Kinose Rikuya, Utsumi Yuzuko, Iwamura Masakazu, Kise Koichi
Graduate School of Engineering, Osaka Prefecture University, Sakai, Japan.
Graduate School of Informatics, Osaka Metropolitan University, Sakai, Japan.
Front Plant Sci. 2023 Jan 13;13:1016507. doi: 10.3389/fpls.2022.1016507. eCollection 2022.

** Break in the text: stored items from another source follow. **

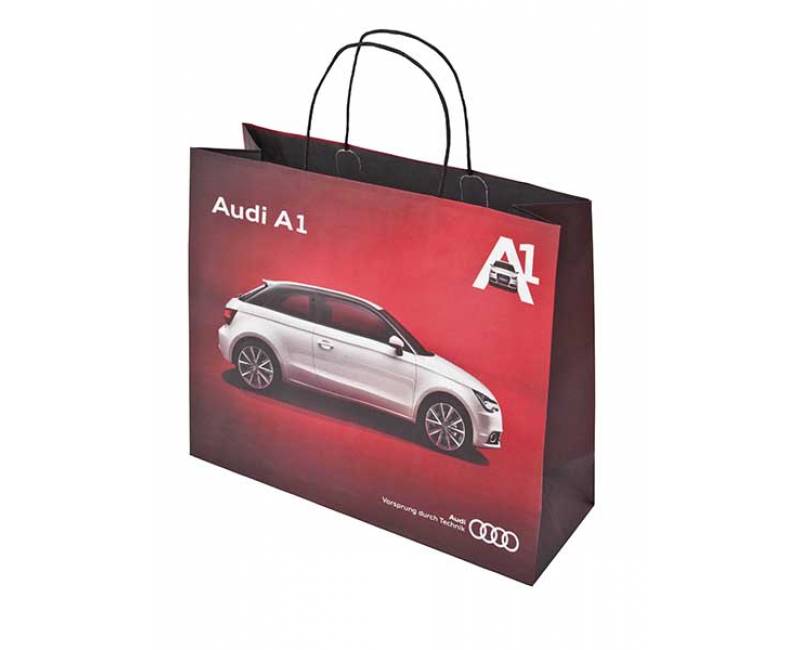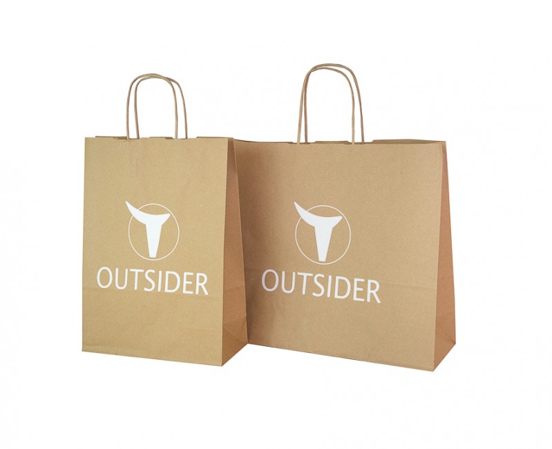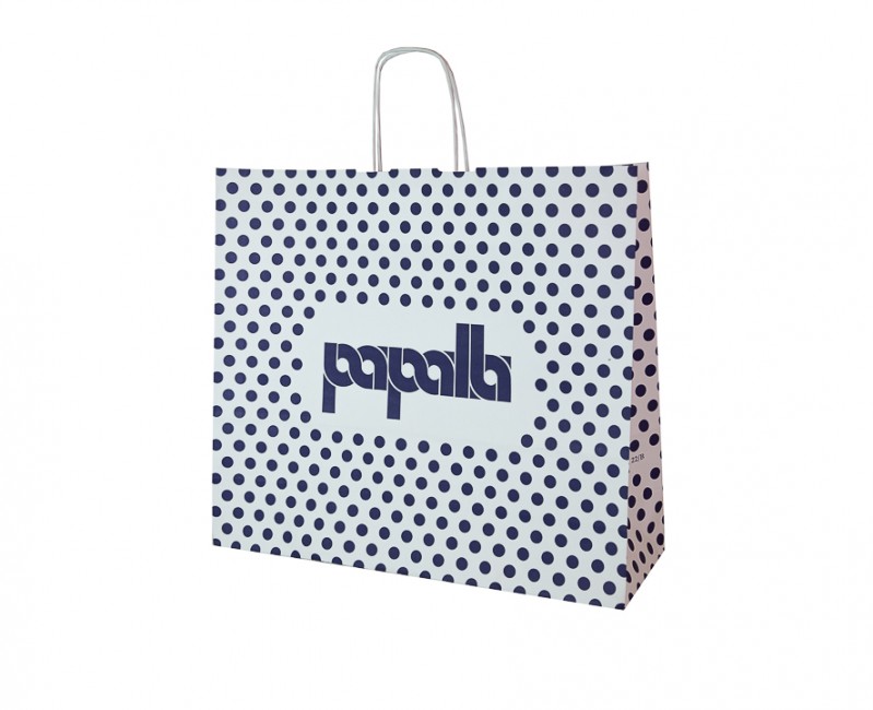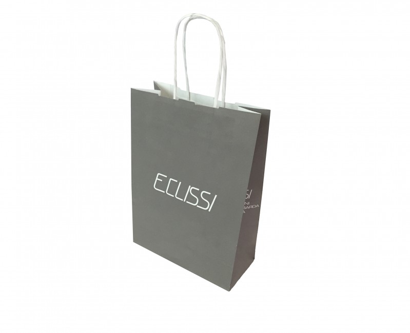 La semplicità del logo ad 1 colore su carta, con manico in carta ritorta per un tocco naturale.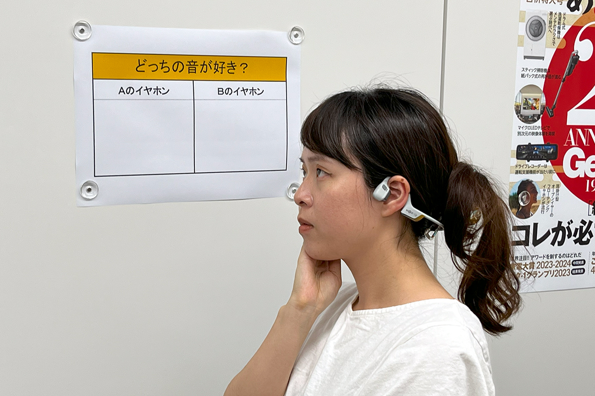 しかし、音質が進化したといっても「本当に違いがわかるレベルで変わったの?」と疑問に思う方もいらっしゃるかもしれません。そこで今回、GetNavi web編集部では、新モデルのOpenRun Pro 2と従来モデルのOpenRun Proを使って、ブラインドテストによる音の聴き比べを実施。しかもテストに参加したのはオーディオ担当以外の編集部員や営業部のスタッフなど、あまりオーディオに詳しくない人も含めました。その数は総勢20名。この聴き比べの様子はGetNavi webの公式Xにて動画で公開していますので、そちらもぜひチェックしてみてください。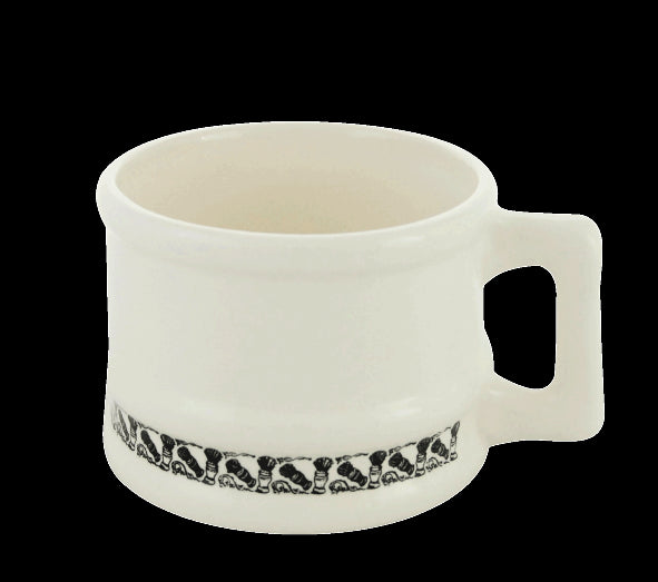 This jumbo sized white shave mug has a black shave brush decal accenting the bottom rim. It's larger capacity hold a super shave soap with plenty of room left over to work up mountains of lather. Designed to fit comfortably in a large man's hand. Col Conk 3.15 oz soap included (scents will vary). Boxed.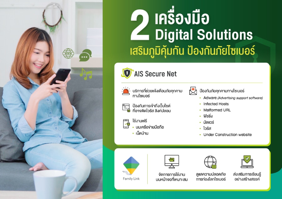 นอกจากนี้ AIS ยังมีเครื่องมือที่เป็นเสมือนกับเกราะป้องกันภัยจากโลกไซเบอร์ที่เปิดให้บริการสำหรับลูกค้าได้ใช้งานฟรีกับ AIS Secure Net บริการที่ช่วยแจ้งเตือนภัยคุกคามทางไซเบอร์ที่มาจากการใช้งานอินเทอร์เน็ตทั้งบนเครือข่ายมือถือและเน็ตบ้าน ที่วันนี้มีลูกค้าใช้งานแล้วกว่า 142,016 คน ที่สามารถป้องกันภัยคุกคามไซเบอร์จากการใช้งานอินเทอร์เน็ตในรูปแบบต่างๆ ไม่ว่าจะเป็น สแปม ฟิชชิ่ง ไวรัสต่างๆ ควบคู่ไปกับการทำงานร่วมกับพาร์ทเนอร์กับบริการ Google Family Link สำหรับลูกค้าทุกเครือข่าย ที่สามารถดูแลการใช้งานโทรศัพท์มือถือของบุตรหลานให้อยู่บนความปลอดภัยและสร้างสรรค์”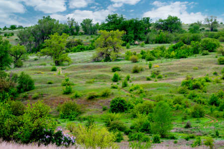 Morning summer forest-steppe landscape. Photo taken near the village of Arkaim, Russia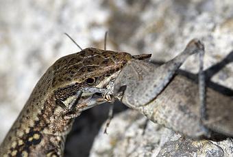 "A pesar de estar dotados de alas y potentes patas traseras para el salto, así como de un duro exoesqueleto, los saltamontes también tienen poderosos predadores, como esta lagartija (Podarcis muralis) que tal y como se muestra en la imagen ha capturado a este ejemplar del género Oedipoda."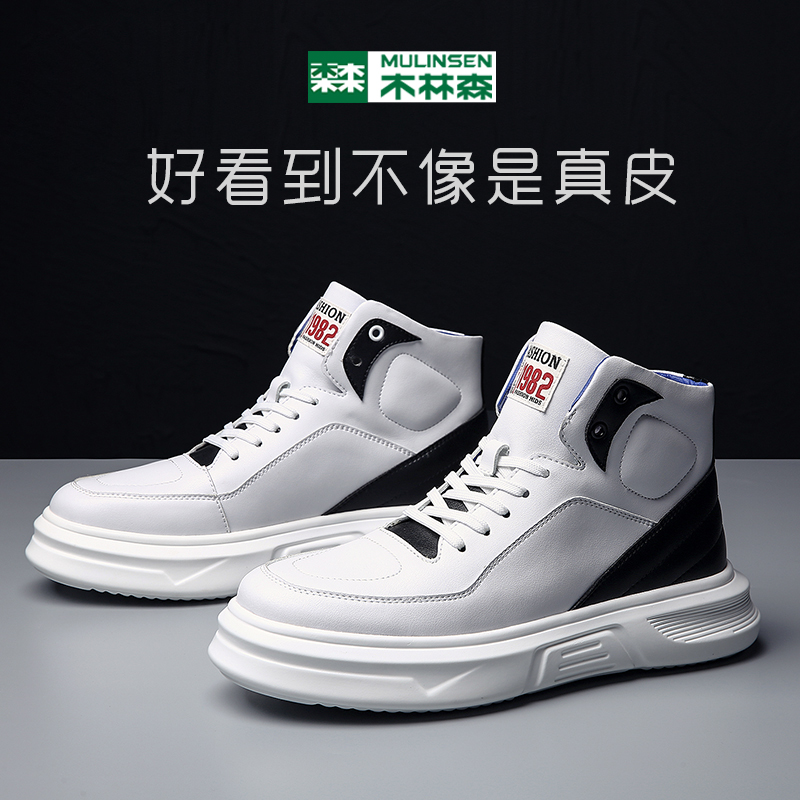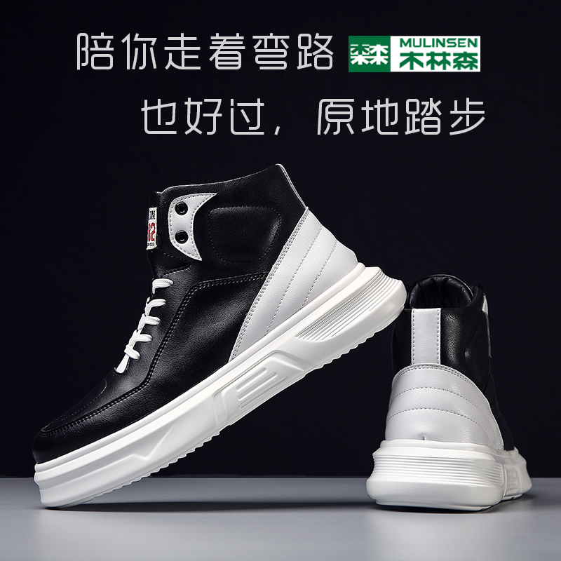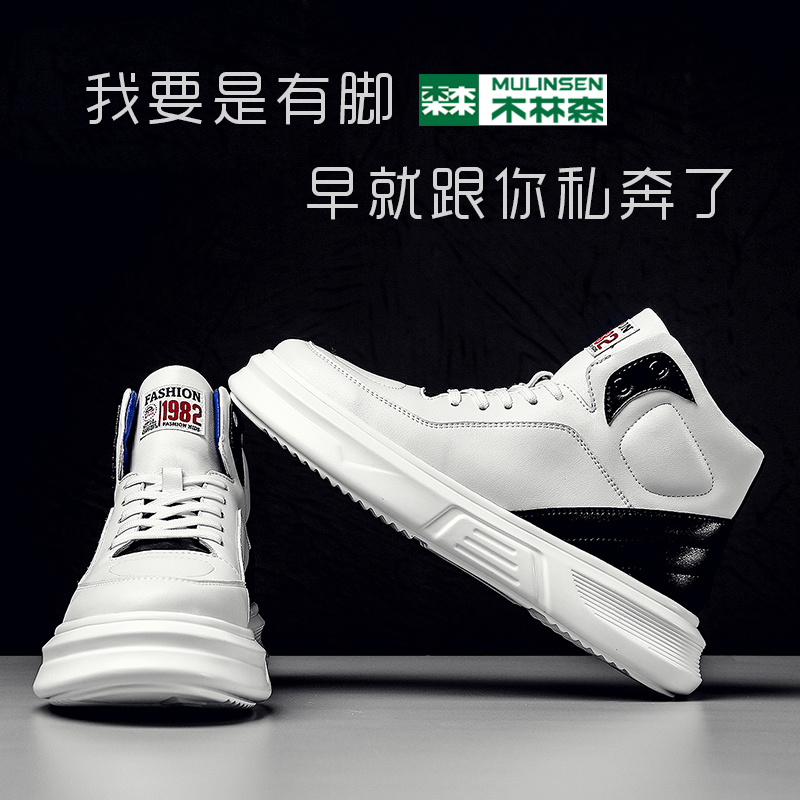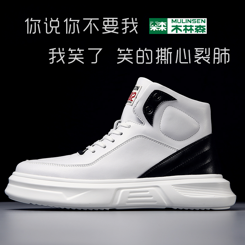 Mulinsen men's shoes 2022 winter new Korean version of the trendy shoes leather high tube small white shoes sports casual shoes men

This paper describes a method based on a deep neural network (DNN) for estimating the number of tillers on a plant. A tiller is a branch on a grass plant, and the number of tillers is one of the most important determinants of yield. Traditionally, the tiller number is usually counted by hand, and so an automated approach is necessary for high-throughput phenotyping. Conventional methods use heuristic features to estimate the tiller number. Based on the successful application of DNNs in the field of computer vision, the use of DNN-based features instead of heuristic features is expected to improve the estimation accuracy. However, as DNNs generally require large volumes of data for training, it is difficult to apply them to estimation problems for which large training datasets are unavailable. In this paper, we use two strategies to overcome the problem of insufficient training data: the use of a pretrained DNN model and the use of pretext tasks for learning the feature representation. We extract features using the resulting DNNs and estimate the tiller numbers through a regression technique. We conducted experiments using side-view whole plant images taken with plan backgroud. The experimental results show that the proposed methods using a pretrained model and specific pretext tasks achieve better performance than the conventional method.
本文描述了一种基于深度神经网络(DNN)的方法,用于估计植物上的分蘖数。分蘖是禾本科植物的一个分支,分蘖数是产量的最重要决定因素之一。传统上,分蘖数通常是人工计数,因此对于高通量表型分析来说,自动化方法是必要的。传统方法使用启发式特征来估计分蘖数。基于DNN在计算机视觉领域的成功应用,使用基于DNN的特征而非启发式特征有望提高估计精度。然而,由于DNN通常需要大量数据进行训练,因此难以将其应用于没有大量训练数据集的估计问题。在本文中,我们使用两种策略来克服训练数据不足的问题:使用预训练的DNN模型和使用前置任务来学习特征表示。我们使用得到的DNN提取特征,并通过回归技术估计分蘖数。我们使用以平面背景拍摄的侧视整株植物图像进行了实验。实验结果表明,使用预训练模型和特定前置任务的所提方法比传统方法具有更好的性能。